The discoverers of the renal ostium flow diverter (Neufeld et al., 2010) used ultrasound imaging to measure what they deemed “disturbed flow” in the vicinity of the diverter: increased velocity on the caudal side of the renal arteries. This flow behavior is also captured by CFD simulation, as shown in Figure 5. The warmer colors in Figure 5 indicate increased flow velocity near the caudal side, and reduced and separated flow on the cranial side, just as Neufeld et al. observed. However, as shown in Figure 6, the presence of a diverter is not necessary for such an asymmetric flow pattern to develop in the renal arteries. This is a secondary flow phenomenon often associated with vessel branching and curvature, and the flow pattern observed in vivo is captured by CFD in the renal artery whether (Fig. 5) or not (Fig. 6) a diverter is included in the computational model vessel.

Figure 5.

Figure 5

Asymmetry of velocity profile in the diverter-associated renal artery. RBA = 60°, DA = 110°, and DL = 4 mm. Outline of diverter is visible on caudal side of cross-section. Calculated velocity (m/s) contours on cross-sectional plane just proximal to the renal ostium, during pulsatile flow at (a) 3.85 s. (b) 3.90 s. (c) 3.95 s. (d) 4.00 s. (e) 4.05 s. (f) 4.10 s. Caudal velocity maxima is consistent with ultrasound images obtained by Neufeld et al, 2010.

Figure 6.

Figure 6

Asymmetry of velocity profile in the diverter-free renal artery. RBA = 60°, DA = 110°, and DL = 4 mm. Calculated velocity (m/s) contours on cross-sectional plane just proximal to the renal ostium, during pulsatile flow at (a) 3.85 s. (b) 3.90 s. (c) 3.95 s. (d) 4.00 s. (e) 4.05 s. (f) 4.10 s. Caudal velocity maxima is consistent with ultrasound images obtained by Neufeld et al, 2010.
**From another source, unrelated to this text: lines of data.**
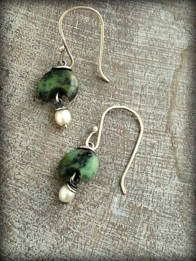 Etsy African Green Turquoise Crescent Beads, White Pearl Dangle Earrings, Sterling Crescents, June Birthstone, Earring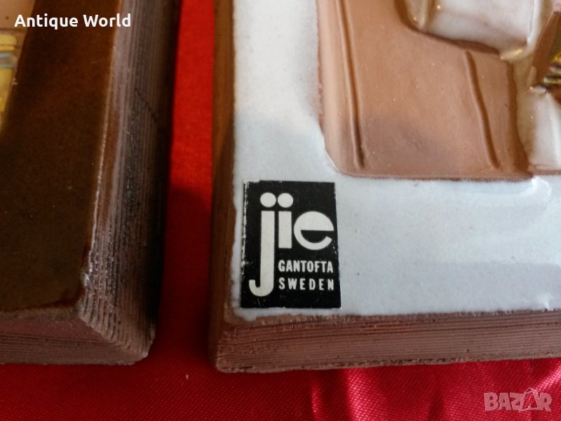Лот от Две Много Красиви Стари АВТОРСКИ Керамични Картини Уникат! На Шведската Фирма Jie Gantofta SWEDEN .Фирмата е основана 1942г и е работила и закрита до 1992г. .Ръчна Изработка.Множество Маркировки.Състоянието е видно.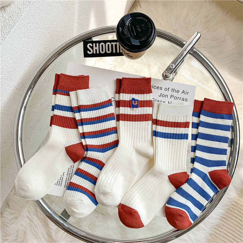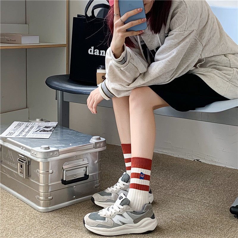 Ретро военно-морские красные осенние модные японские гольфы, спортивные носки, средней длины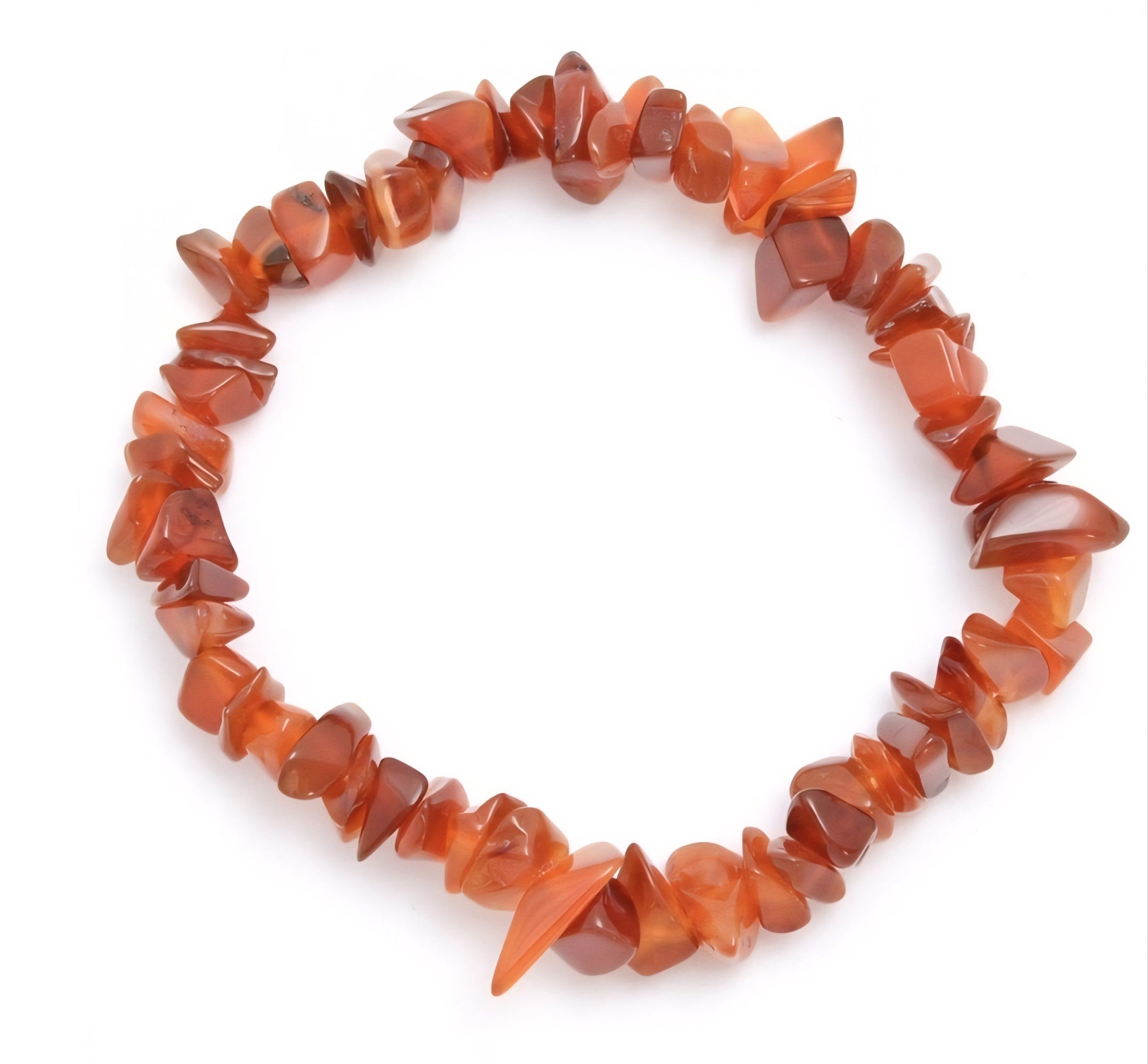 Krystallchip-armbånd er små krystallbiter som har blitt tromlet til de er glatte, og deretter tredd sammen på en strikk. Karneol-armbåndene kan variere i fargen avhengig av hvilken type karneol som brukes, men det er vanligvis ganske likt bildet ovenfor.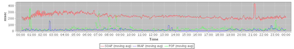 avg(SOAP) = 14.24 avg(IMAP) = 181.01 avg(POP) = 3.46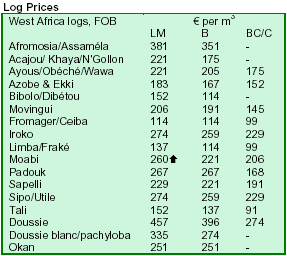 Demand for West African timber products remained firm but prices were stable in late April. Moabi LM was the exception, with prices rising .6 to .260 per m3. India and China remained very active in the market. The continued low log supply from Southeast Asia is giving West African exporters every incentive to push prices steadily higher.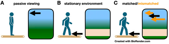 - Salinas, M.M.; Wilken, J.M.; Dingwell, J.B. How humans use visual optic flow to regulate stepping during walking. Gait Posture 2017, 57, 15–20. [Google Scholar] [CrossRef] [PubMed]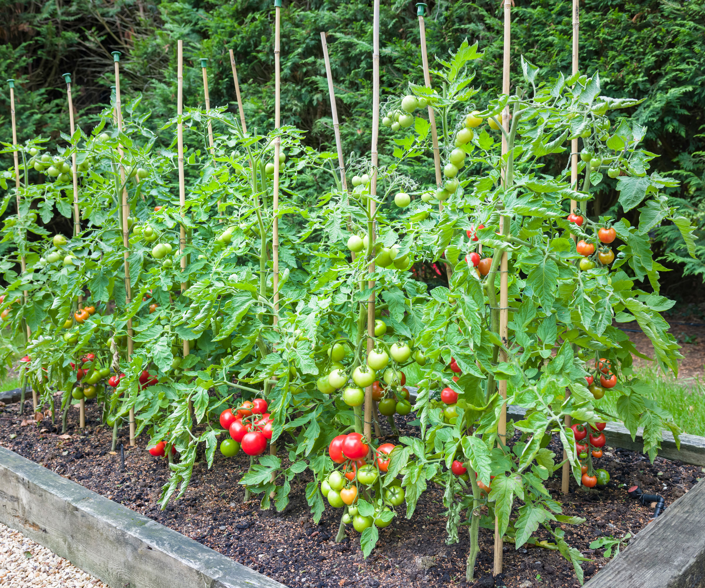 Bei längeren Reihen von Tomaten und Paprika sollten Sie die „Pfähle und Schnüre”-Methode in Betracht ziehen. Schlagen Sie zunächst einen hohen Pfahl zwischen jede zweite Pflanze, solange die Pflanzen noch klein sind. Wenn die Pflanzen 30 cm hoch sind, spannen Sie die erste Schnur zwischen den Pfählen in einer Höhe von 25 cm über dem Boden und wickeln Sie die Schnur einmal um jeden Pfahl. Die Pflanzen werden zwischen den beiden Schnüren, die auf beiden Seiten der Pfähle gespannt sind, aufrecht gehalten.

The CFD results show that the diverter does affect the flow distribution to the renal arteries. This effect is characterized by the ratio of the diverter-side renal volumetric flow rate to that in the renal artery without a diverter present; in both arteries, the volumetric flow rate is calculated four renal diameters distal from the renal branch point. The time-averaged flow rate ratios in Figure 7 demonstrate that for diverter angles up to 130°, the diverter increases the proportion of aortic flow that enters the renal artery; for angles above 130°, the diverter reduces renal artery flow due to the partial occlusion of the renal entrance. Figure 7 also shows that this result is consistent for all tested values of renal branching angle (RBA), although the amount of flow increase is affected by RBA. At smaller angles (DA), the diverter preferentially directs flow into the renal artery, increasing with angle until the maximum flow diversion at 80°. Figure 8 shows that the 80° angle has the strongest effect on renal artery flow rate throughout the pulsatile flow cycle: this position is the optimal position at which the diverter extends the furthest into higher-momentum aortic flow, with the least occlusion of the renal entrance. However, as the diverter angle exceeds 90°, the flow diversion effects are counteracted by the diverter’s physical obstruction of the renal artery, until the obstructive effects dominate flow diversion at a 130° diverter angle. Maximal increases in the time-averaged renal artery flow rate of approximately 5.6%, 7.0%, and 8.0% were observed for a diverter angle of 80° and diverter lengths of 3, 4, and 5 mm respectively (Fig. 7).

Figure 7.

Figure 7

Left: Time-averaged renal flow rate ratio plotted as a function of diverter angle (DA) for three diverter lengths and a fixed renal branching angle (RBA) of 60°. Right: Time-averaged renal flow rate ratio as a function of diverter angle, for three renal branching angles and a fixed diverter length. This ratio is calculated by dividing the diverter-associated renal flow rate by the diverter-free renal flow rate averaged over a complete cardiac cycle.

Figure 8.

Figure 8

Renal flow rate ratio (diverter-side to no-diverter side flow rate) throughout flow cycle. RBA = 60°, DL = 3 mm.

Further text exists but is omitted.